Andrei Poyakarv, a wolf expert, has been studying the strays of Moscow for decades and has split them into four groups. The subway dogs are an offshoot of the beggar types. From the Financial Times:
“These are the beggars and they are excellent psychologists.” He gives as an example a dog that appears to be dozing as throngs of people walk past, but who rears his head when an easy target comes into view: “The dog will come to a little old lady, start smiling and wagging his tail, and sure enough, he’ll get food.” These dogs not only smell who is carrying something tasty, but sense who will stop and feed them.

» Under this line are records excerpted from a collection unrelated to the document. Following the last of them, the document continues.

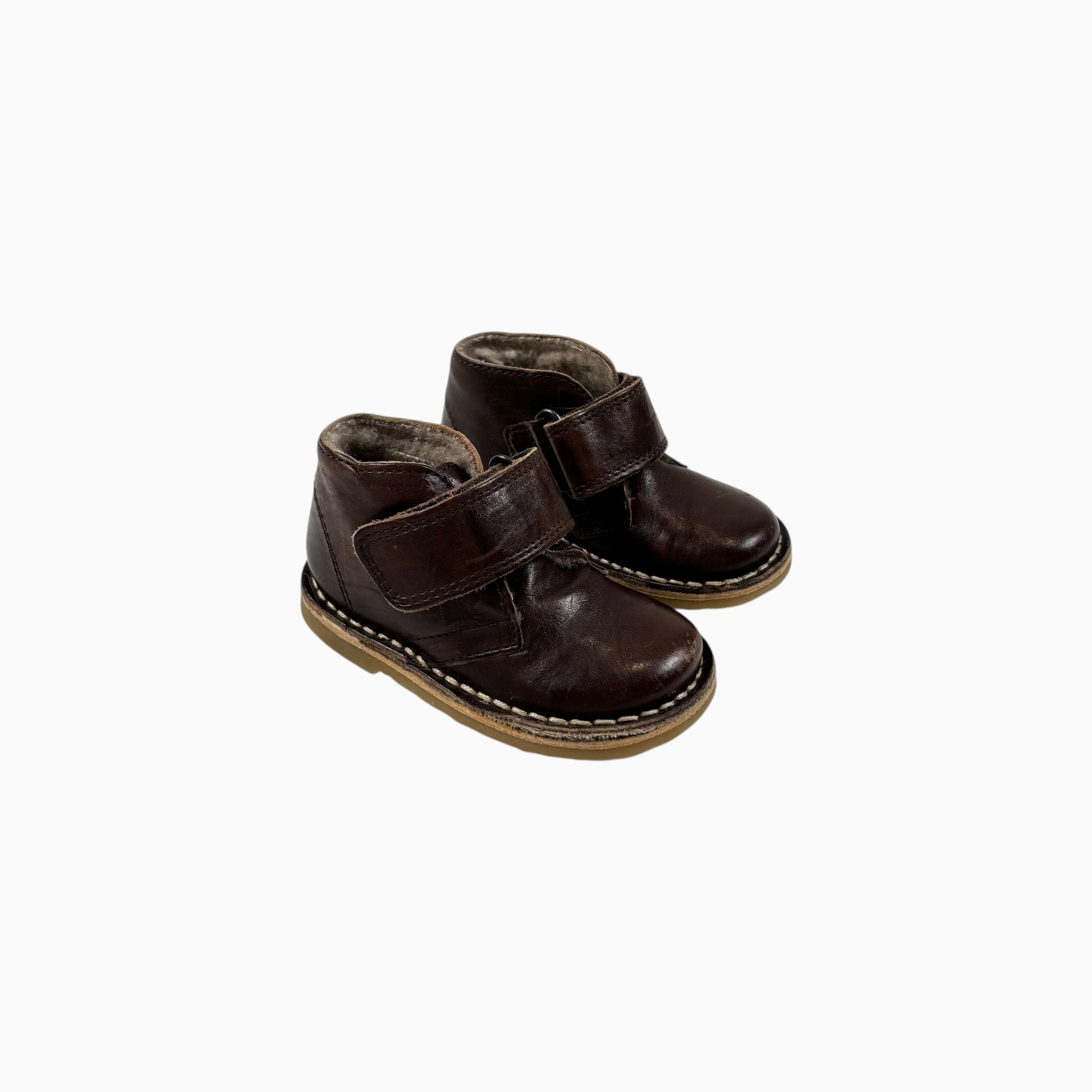 Souliers chocolat en cuir doublées en laine et à velcro 14.5CM 2Y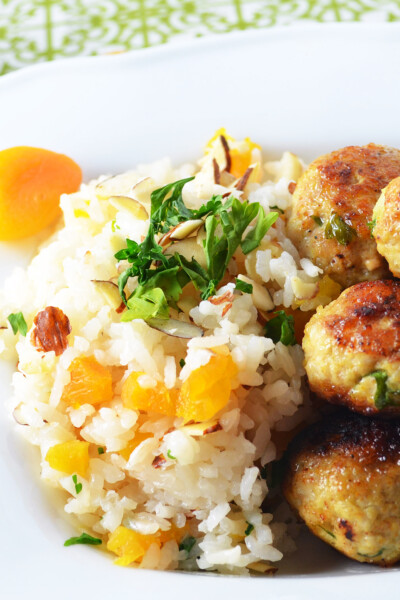 Curry Chicken Meatballs with Apricot Rice Pilaf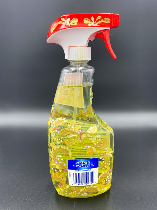 The Adornamented Series values the daily culture and practices of my Chicanx and Latinx community as worthy of reflection and art making. Each painted item cherishes and shares these daily practices and culture by making high art from hot sauce bottles that my community uses in their daily lives, whether or not they go to galleries or museums.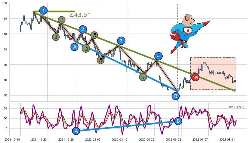 ➣ D点拟合预测价格97.01,距离最后交易收盘价格79.98相差 +21.30%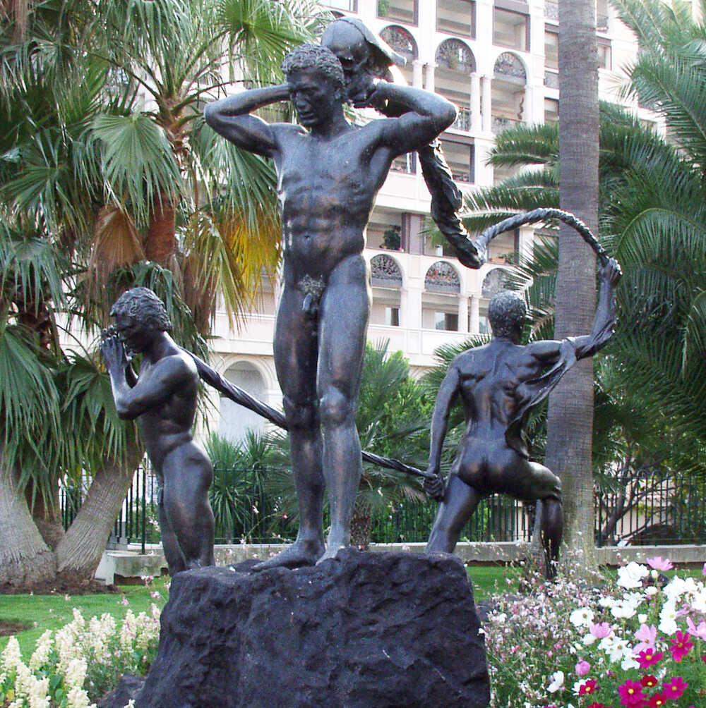 In his studio in Fontvieille, Blake Ward has worked for three years creating these figures of beauty. The young artist considers the realization of this imposing group of statues celebrating life, an accomplishment towards fulfilling the role of a sculptor. " Les Atlantes " portray three men carrying their history behind them, symbolized by a skull and a shroud containing the secrets of their past, representing the burden they carry and the outcome of each man’s life.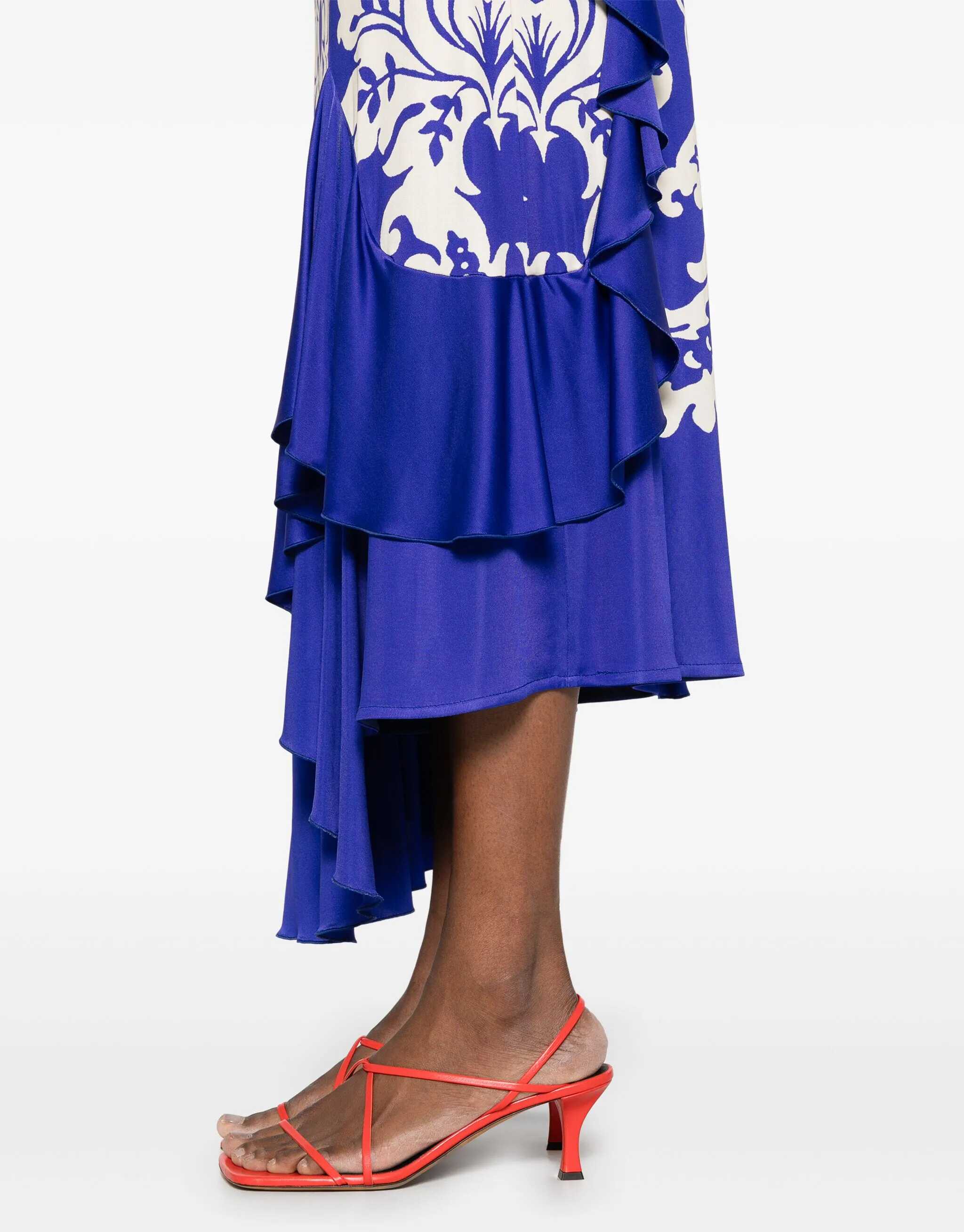 Long Dress by Etro with a modern and feminine design. Sleeveless model with U-neckline on the front, made of shiny jersey that enhances the silhouette with elegance. The skirt is finished with a soft draped flounce for a fluid and refined effect. Featuring a double print and cut-out back that leaves the lower back exposed, adding an unexpected sensual touch. Ideal for special occasions and elegant evenings.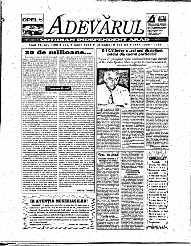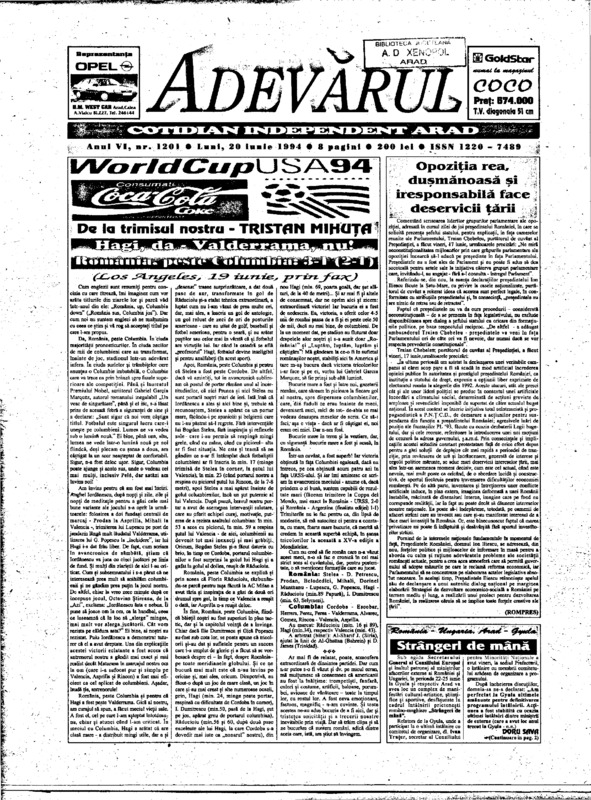 Adevărul, anul VI, nr. 1201, 1994-06-20

The other groups he has identified are the guard dogs, who are most close to being domesticated. They tend to hang around enclosed areas and do ‘work’ for the local guards, who reward them with food. There are also scavengers, who aren’t afraid of people but who have little interest in them beyond eating their trash. And then there are the wild dogs, who are nocturnal and keep to empty industrial areas and wooded parks and are closest to wolves.
There’s a lot that’s interesting about Moscow’s strays, but the subway dogs really capture my imagination. Seeing a species adapt to their surroundings in such a way is thrilling. Dogs that ride the subway system - there’s something two days in the future about that. I’ve been watching the sure signs of the decay of human civilization lately, and this is the most adorable one yet.